Update site configuration

Sourcegraph’s application configuration is stored in the PostgreSQL database. For editing this configuration you may use the web UI. See site configuration for more information.

Configure TLS/SSL

If you intend to make your Sourcegraph instance accessible on the Internet or another untrusted network, you should use TLS so that all traffic will be served over HTTPS.

Ingress controller

If you exposed your Sourcegraph instance via an ingress controller as described in “Ingress controller (recommended)”:

  • Create a TLS secret that contains your TLS certificate and private key.

    kubectl create secret tls sourcegraph-tls --key $PATH_TO_KEY --cert $PATH_TO_CERT
    
  • Update create-new-cluster.sh with the previous command.

    echo kubectl create secret tls sourcegraph-tls --key $PATH_TO_KEY --cert $PATH_TO_CERT >> create-new-cluster.sh
    
  • Add the tls configuration to base/frontend/sourcegraph-frontend.Ingress.yaml.

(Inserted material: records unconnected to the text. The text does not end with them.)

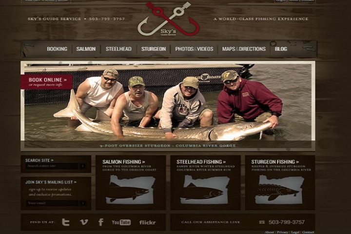 Sky’s Guide Service offers a feature at the bottom of their page that instructs visitors to “find us.” This works well because users will then recognize the icons for Twitter, Facebook, YouTube and Vimeo. They’ve also focused on social media their typical customer is likely to use. If you navigate to their blog, they’ve further integrated Facebook with the site by throwing up a feed of posts and inviting you to like their page.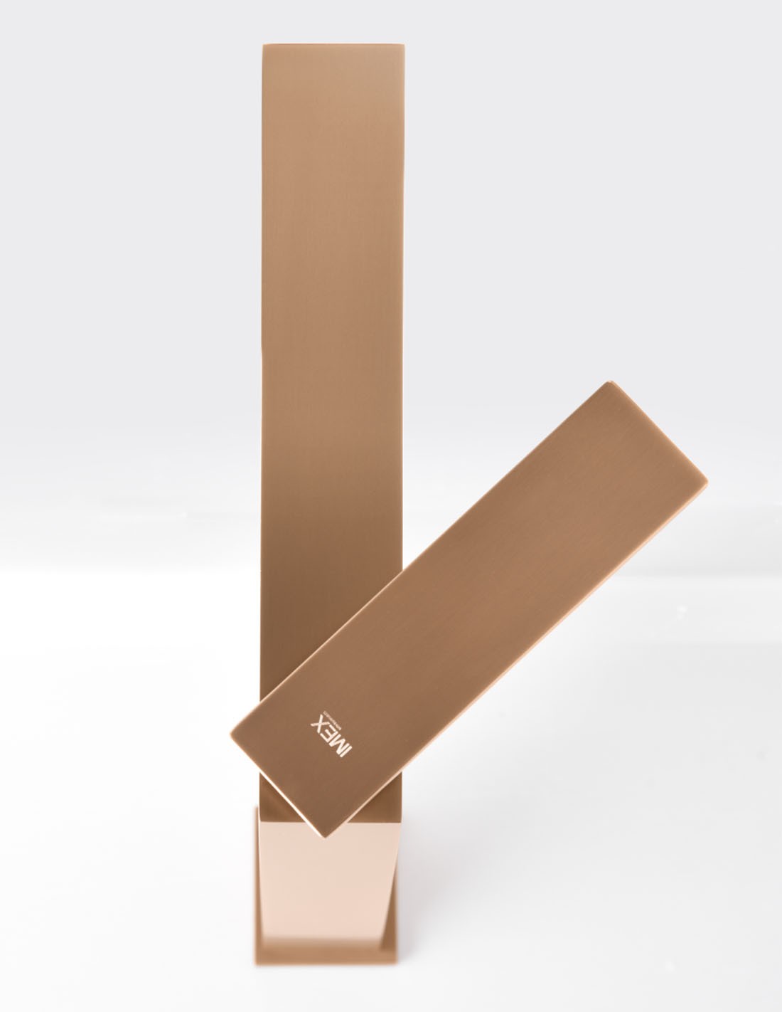 Grifo de lavabo cuadrado caño alto oro - oro rosa modelo PISA de Imex.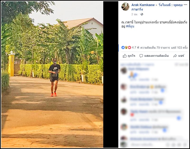เป็นไอดอลของคนไทยค่อนประเทศ สำหรับศิลปินร็อคชื่อดัง ตูน แห่งวงบอดี้สแลม ที่กำลังถูกพูดถึงในขณะนี้ หลังจากที่มีชาวเน็ตรายหนึ่ง ได้ถ่ายภาพของพี่ตูนแล้วนำมาโพสต์ในเฟซบุ๊กกลุ่ม วิ่งไหนดี : พูดคุยภาษาวิ่ง พร้อมระบุข้อความว่า ” ณ.เวลานี้ ในหมู่บ้านแห่งหนึ่ง ชายคนนี้ยังคงซ้อมวิ่งอยู่ #พี่ตูน “ โดยพี่ตูนได้สวมชุดวิ่งตามปรกติพร้อมกับสวมหน้ากากเพื่อป้องกันฝุ่นละออง PM 2.5 ที่สถานการณ์ยังน่าเป็นห่วงในขณะนี้

   # base/frontend/sourcegraph-frontend.Ingress.yaml
   tls:
     - hosts:
         #  Replace 'sourcegraph.example.com' with the real domain that you want to use for your Sourcegraph instance.
         - sourcegraph.example.com
       secretName: sourcegraph-tls
   rules:
     - http:
         paths:
         - path: /
           backend:
             serviceName: sourcegraph-frontend
             servicePort: 30080
       # Replace 'sourcegraph.example.com' with the real domain that you want to use for your Sourcegraph instance.
       host: sourcegraph.example.com
  • Change your externalURL in the site configuration to e.g. https://sourcegraph.example.com.

  • Update the ingress controller with the previous changes with the following command:

  kubectl apply -f base/frontend/sourcegraph-frontend.Ingress.yaml

NGINX service

If you exposed your Sourcegraph instance via the altenative nginx service as described in “nginx service”, those instructions already walked you through setting up TLS/SSL.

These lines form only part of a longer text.